Material provided:
* * * * *
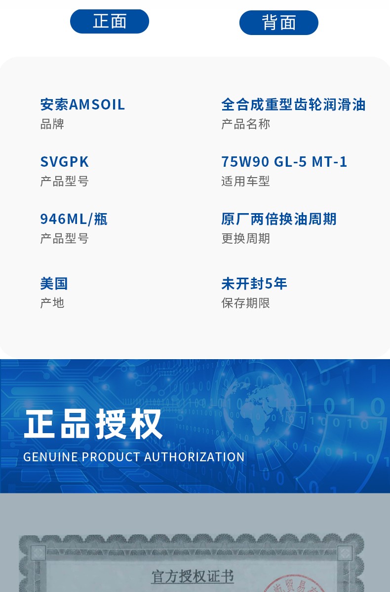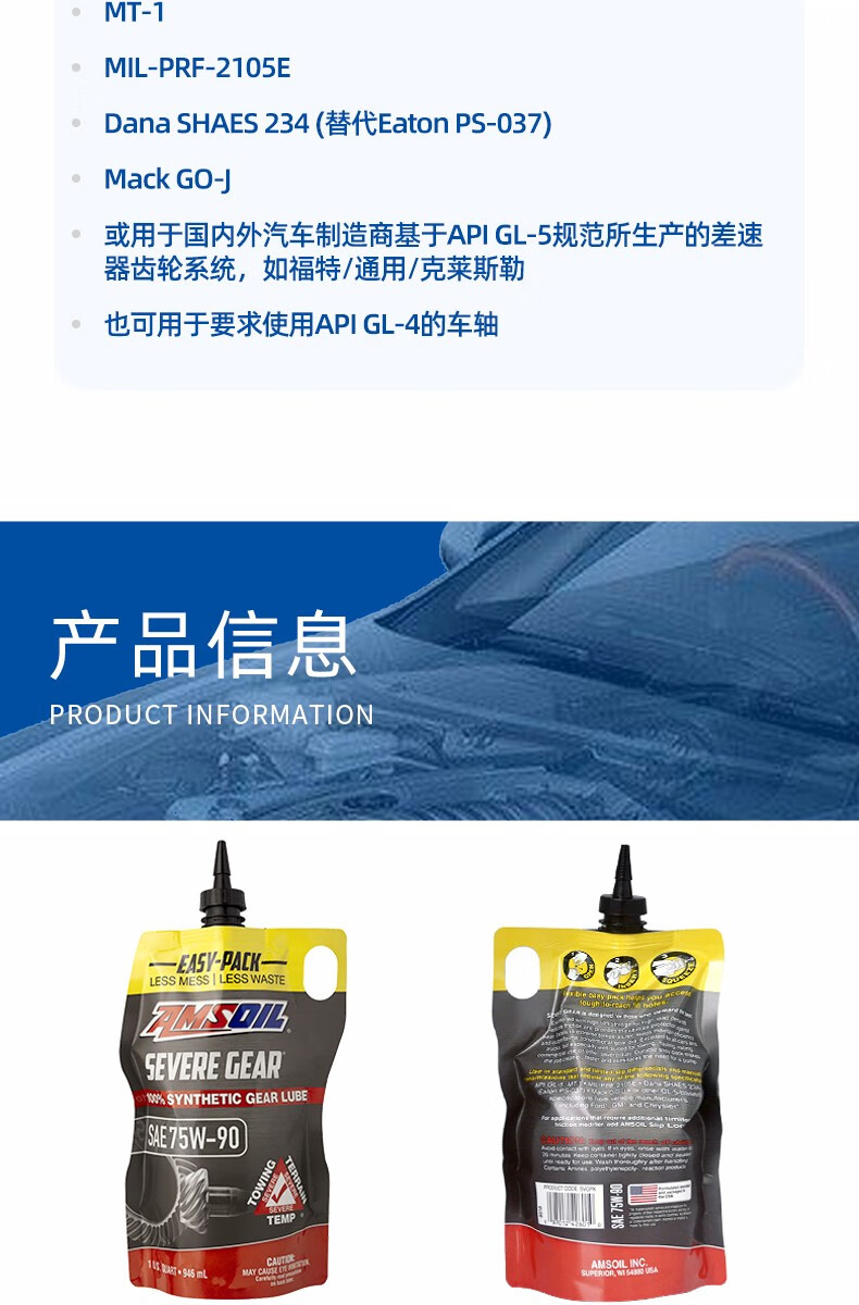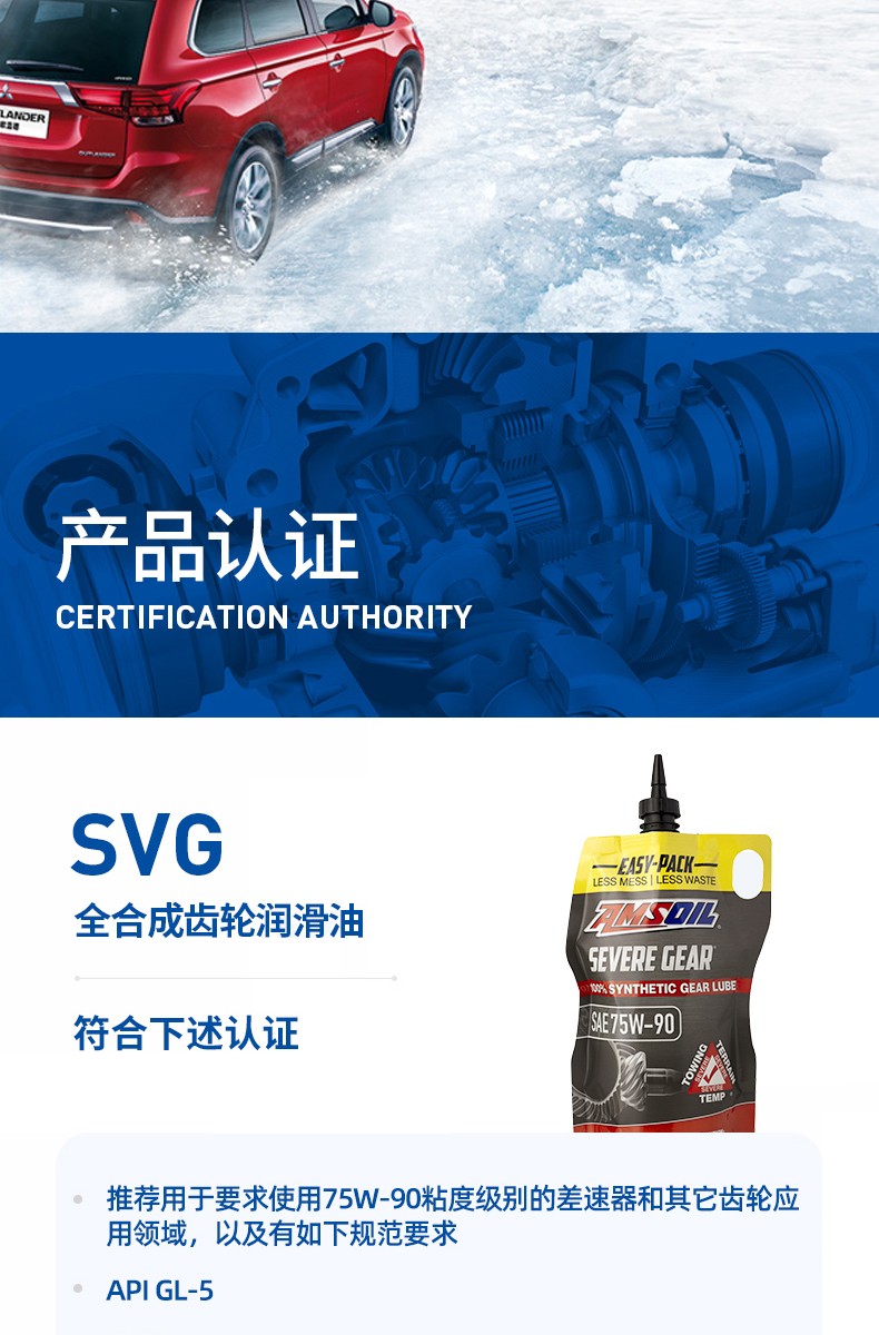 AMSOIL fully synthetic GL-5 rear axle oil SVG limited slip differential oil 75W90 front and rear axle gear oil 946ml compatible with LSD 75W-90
* * * * *
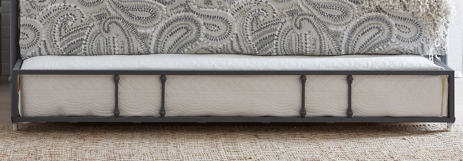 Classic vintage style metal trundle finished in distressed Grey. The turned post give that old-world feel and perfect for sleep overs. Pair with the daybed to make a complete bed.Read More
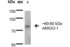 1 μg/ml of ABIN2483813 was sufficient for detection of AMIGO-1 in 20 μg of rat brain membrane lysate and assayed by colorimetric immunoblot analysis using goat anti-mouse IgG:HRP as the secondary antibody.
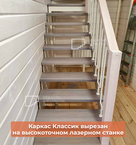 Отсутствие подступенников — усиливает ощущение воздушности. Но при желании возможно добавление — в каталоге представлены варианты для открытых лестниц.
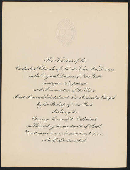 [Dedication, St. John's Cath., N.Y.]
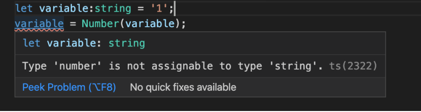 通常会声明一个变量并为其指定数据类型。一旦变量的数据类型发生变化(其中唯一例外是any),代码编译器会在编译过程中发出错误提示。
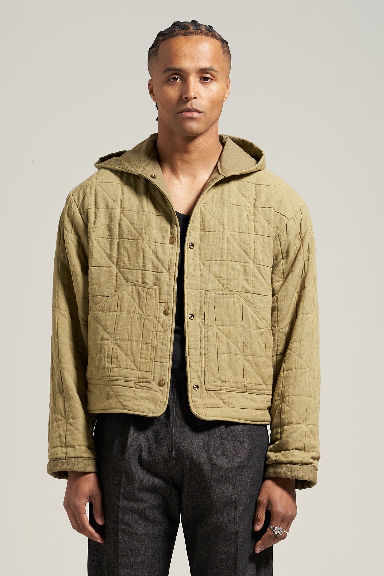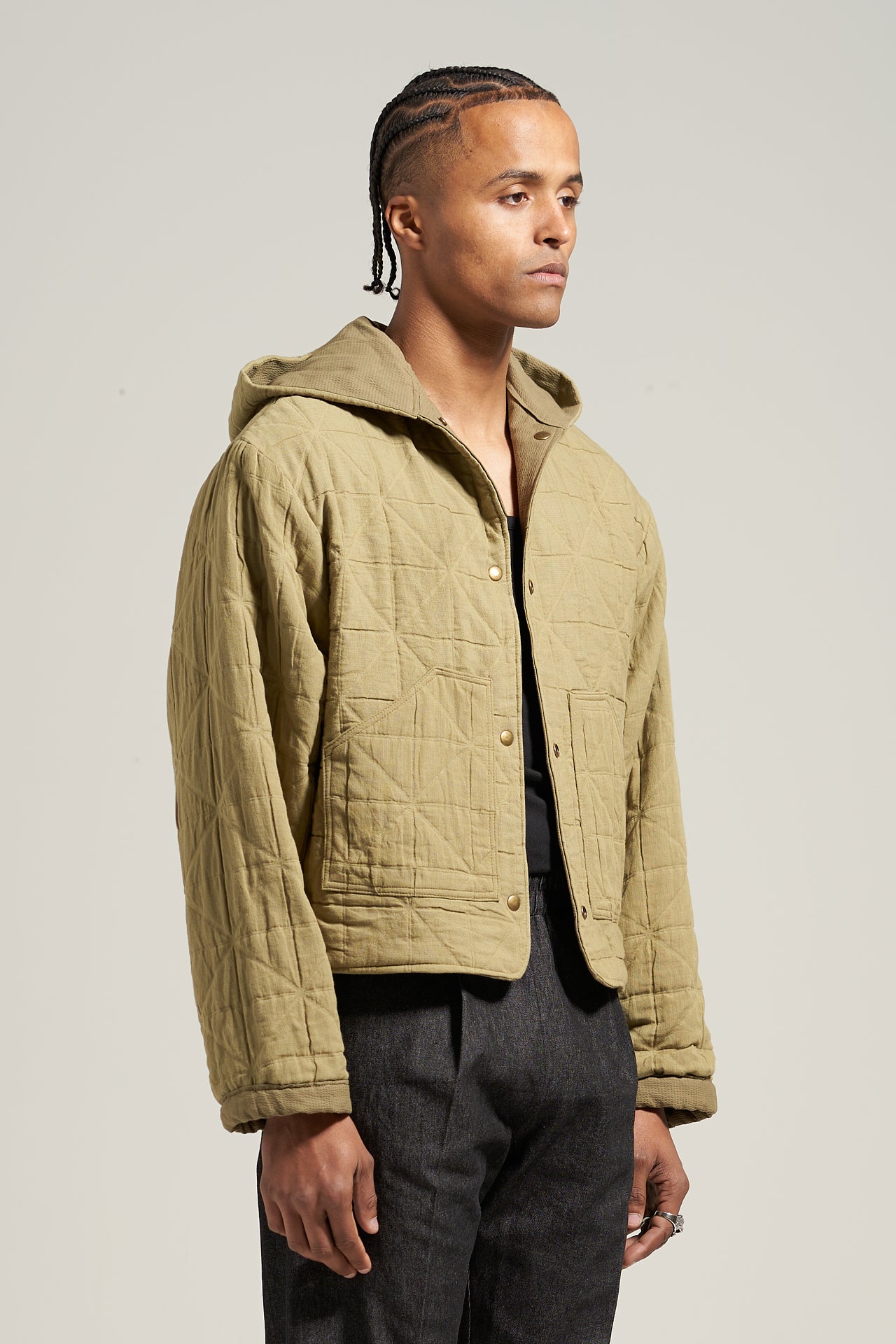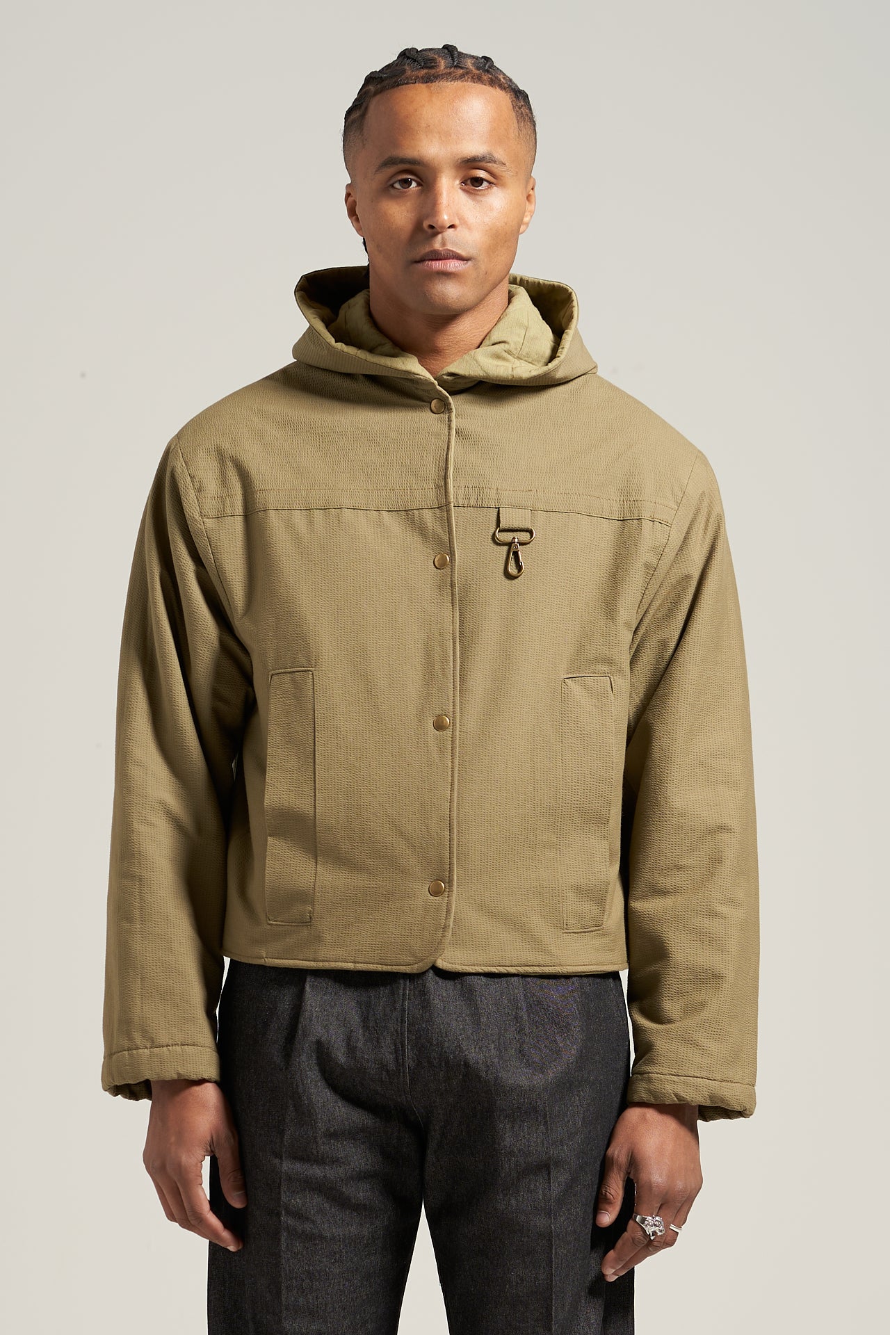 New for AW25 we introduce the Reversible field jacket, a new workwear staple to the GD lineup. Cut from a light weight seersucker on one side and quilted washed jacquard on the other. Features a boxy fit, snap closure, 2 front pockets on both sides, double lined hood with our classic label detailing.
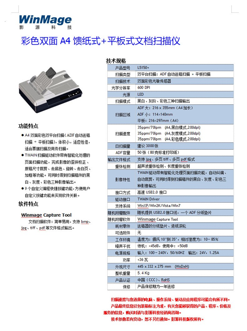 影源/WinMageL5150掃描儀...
* * * * *
Start at the line above containing "通常会声明一个变量并为其指定" and stop at the line containing "影源/WinMageL5150掃描儀...": print those lines and everything between them exactly, but not the pictures.

 通常会声明一个变量并为其指定数据类型。一旦变量的数据类型发生变化(其中唯一例外是any),代码编译器会在编译过程中发出错误提示。
 New for AW25 we introduce the Reversible field jacket, a new workwear staple to the GD lineup. Cut from a light weight seersucker on one side and quilted washed jacquard on the other. Features a boxy fit, snap closure, 2 front pockets on both sides, double lined hood with our classic label detailing.
 影源/WinMageL5150掃描儀...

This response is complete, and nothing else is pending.